Let $f(x) = a_0 + a_1 x + a_2 x^2 + a_3 x^3 + \cdots$. In terms of $a_n$, the function equation becomes:

$$\begin{align} a_0 &= 2 ( a_1 a_0 )\tag{*0}\\ 2\,a_1 &= 2 ( 2 a_2 a_0 + a_1 a_1 )\tag{*1}\\ 2^2 a_2 &= 2 ( 3 a_3 a_0 + 2 a_2 a_1 + a_1 a_2 )\\ 2^3 a_3 &= 2 ( 4 a_4 a_0 + 3 a_3 a_1 + 2 a_2 a_2 + a_1 a_3 )\\ 2^4 a_4 &= 2 ( 5 a_5 a_0 + 4 a_4 a_1 + 3 a_3 a_2 + 2 a_2 a_3 + a_1 a_4)\\ 2^5 a_5 &= 2 ( 6 a_6 a_0 + 5 a_5 a_1 + 4 a_4 a_2 + 3 a_3 a_3 + 2 a_2 a_4 + a_1 a_5 )\\ &\;\vdots \end{align}$$

The first thing we notice is $(*0)$ implies:

$$a_0 (1 - 2a_1) = 0 \implies a_0 = 0 \quad\text{ or }\quad a_1 = \frac12$$

If $a_0 = 0$, then $(*1)$ implies $a_1 = 0$ or $1$. It is easy to see $a_1 = 0$ will lead us to $f(x) \equiv 0$. So let us assume $a_1 = 1$. The set of equations become: $$\begin{align} ( 2^1 - 3 ) a_2 &= 0\\ ( 2^2 - 4 ) a_3 &= 2 a_2 a_2 \iff 0 = 0 \text{ ( i.e. } a_3\;\text{ is arbitrary )}\\ ( 2^3 - 5 ) a_4 &= 3 a_3 a_2 + 2 a_2 a_3\\ ( 2^4 - 6 ) a_5 &= 4 a_4 a_2 + 3 a_3 a_3 + 2 a_2 a_4\\ &\;\vdots \end{align}$$ It is then easy to see:

1. $a_n = 0$ for all even $n$.
2. $a_3$ is arbitrary.
3. once $a_3$ is fixed, $a_n$ is recursively fixed for all odd $n > 3$.

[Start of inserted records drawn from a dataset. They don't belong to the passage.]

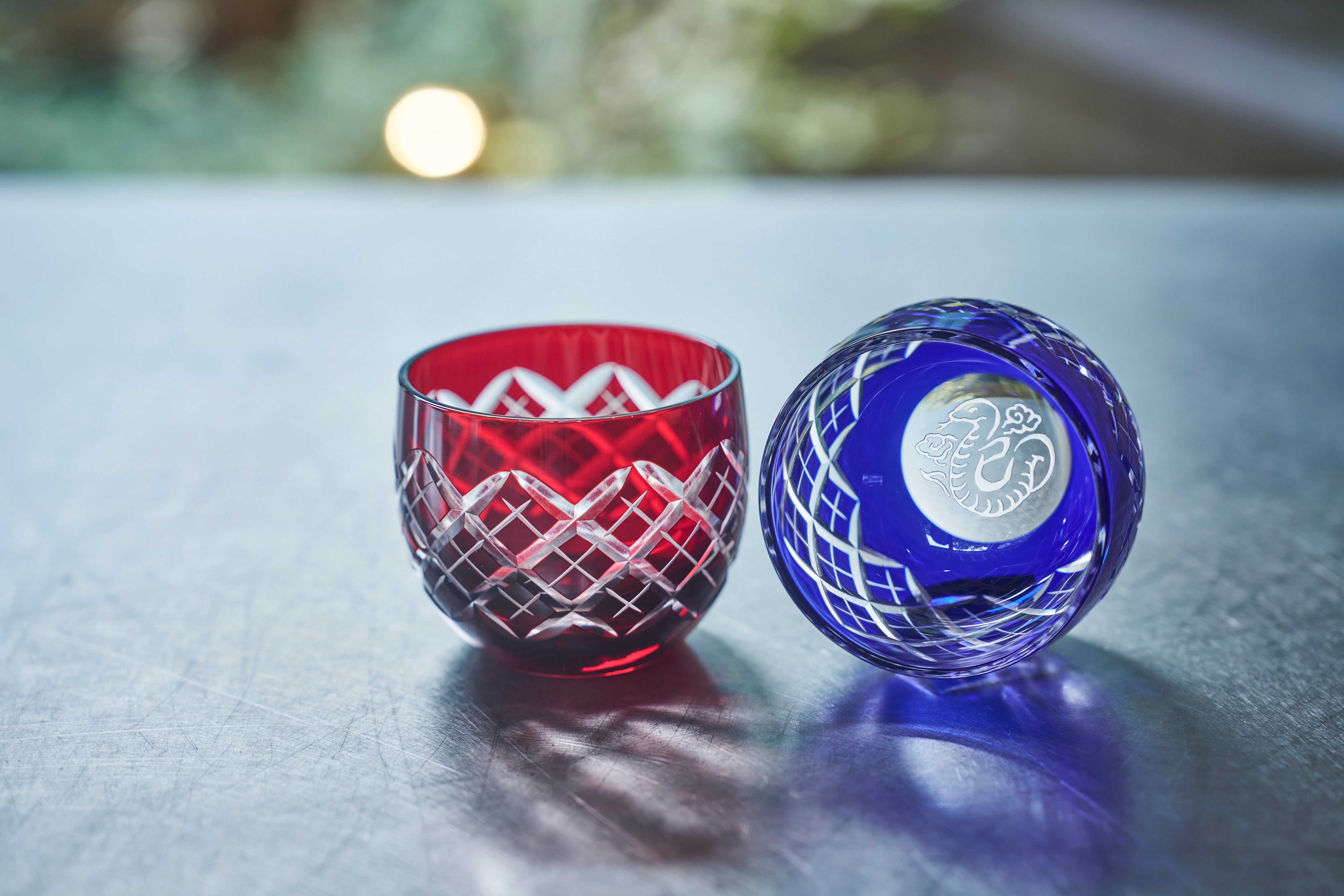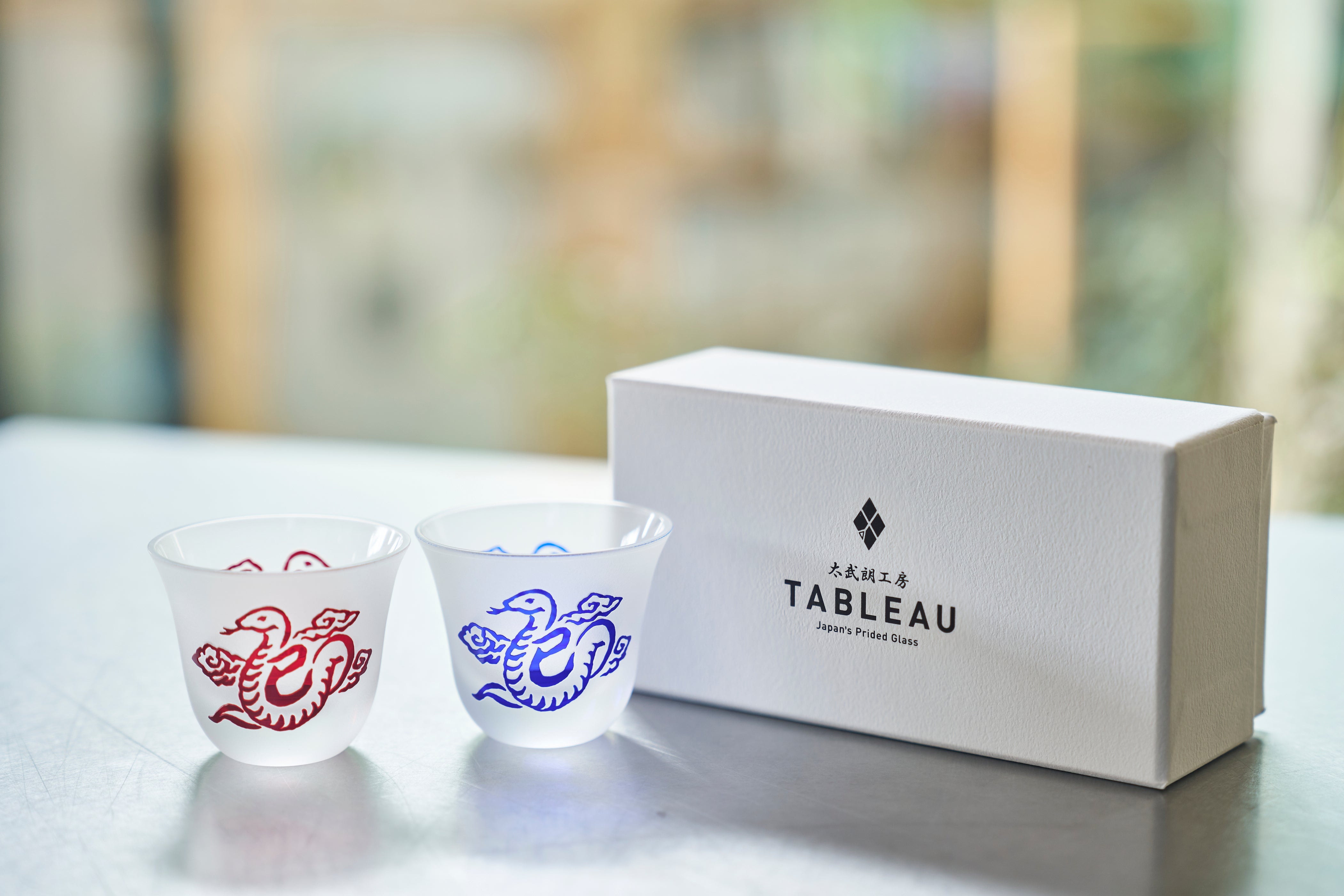 太武朗工房の2025年干支ぐい呑は、「乙巳」の組み合わせから、積み重ねた努力が花開くことを祈念し、頭を上げ前進する「蛇」の姿をデザインいたしました。威風堂々とした蛇の柄には、遊び心で「巳」 の文字を忍ばせております。また、紋様は江戸切子の伝統模様「矢来紋」を採用しています。矢来とは竹や丸太を互い違いに組んだ柵のこと。築城や舞台装置の最初の段に用いられることから、物事の基礎を作る・固めるという意味をもちます。新年の始まりに大変ふさわしい紋様です。
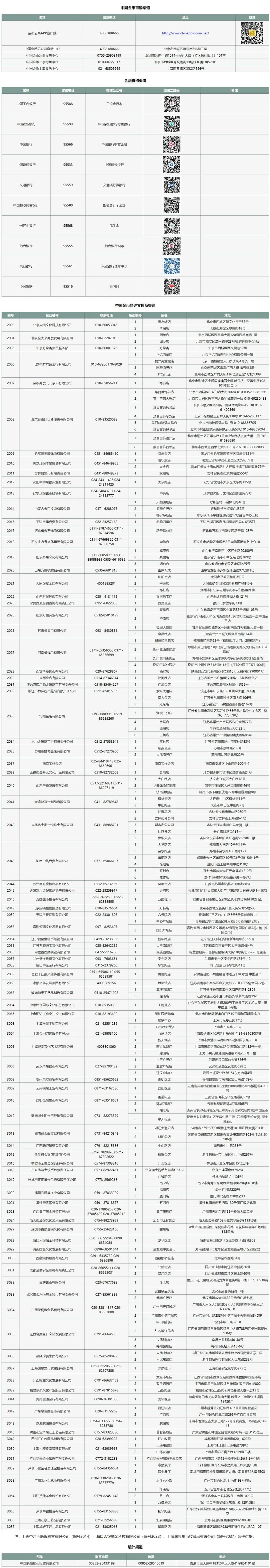 购买渠道(中国金币直销渠道):
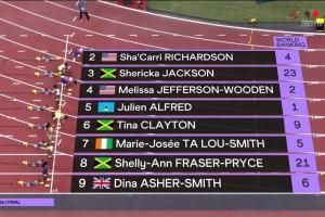 最后一次参加世锦赛女子飞人大战的牙买加传奇弗雷泽11秒03获得第六名。
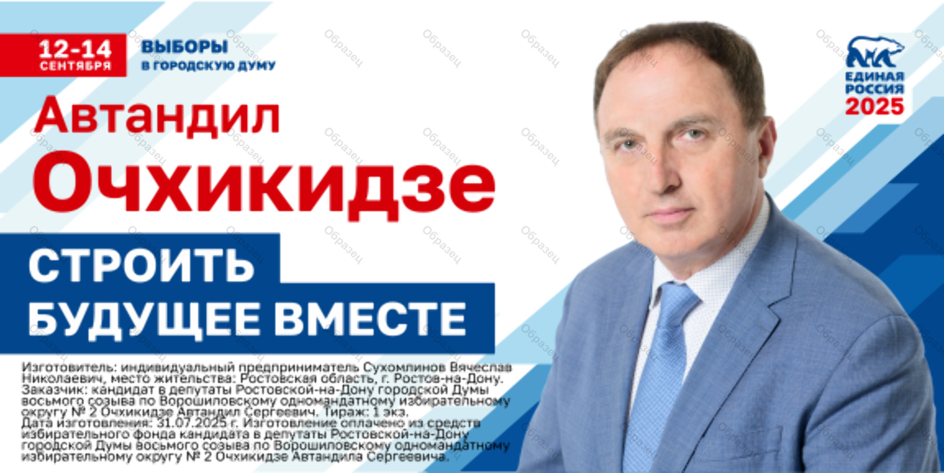 Изготовление оплачено из средств избирательного фонда кандидата в депутаты Ростовской-на-Дону городской Думы восьмого созыва по Ворошиловскому избирательному округу № 2 Очхикидзе Автандила Сергеевича
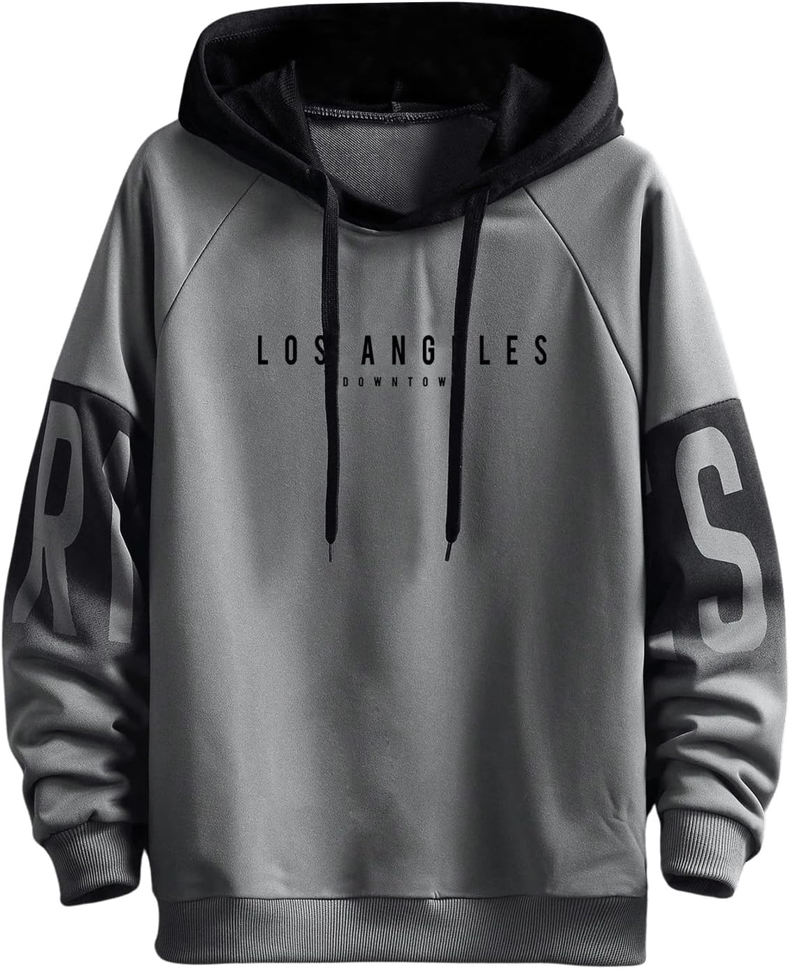 Verdusa Men's Letter Graphic Drawstring Hoodie Sweatshirt Colorblock Long Sleeve Pullover Tops Streetwear
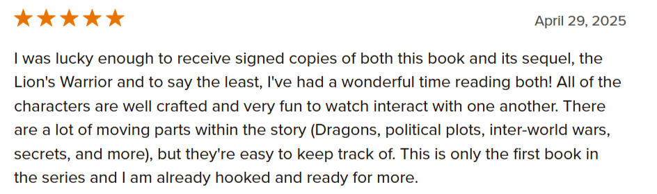 Author of The Lion's Apprentice series; a fantasy story based on friendship, war, and dragons!- Found Family

Depends on the sign of $a_3$, it leads us to solutions of the form $k \sin(x/k), x $ or k sinh(x/k)$.

If $a_0 \ne 0$, then $a_1 = \frac12$ and the set of equations becomes:

$$\begin{align} 2 a_2 a_0 &= 2^0\,a_1 - ( a_1 a_1 )\tag{*1}\\ 3 a_3 a_0 &= 2^1 a_2 - ( 2 a_2 a_1 + a_1 a_2 )\\ 4 a_4 a_0 &= 2^2 a_3 - ( 3 a_3 a_1 + 2 a_2 a_2 + a_1 a_3 )\\ 5 a_5 a_0 &= 2^3 a_4 - ( 4 a_4 a_1 + 3 a_3 a_2 + 2 a_2 a_3 + a_1 a_4)\\ &\;\vdots \end{align}$$ It is easy to see these will recursively fix the values of $a_n$ for all $n > 1$. This lead us to the $k \exp(x/2k)$ solution.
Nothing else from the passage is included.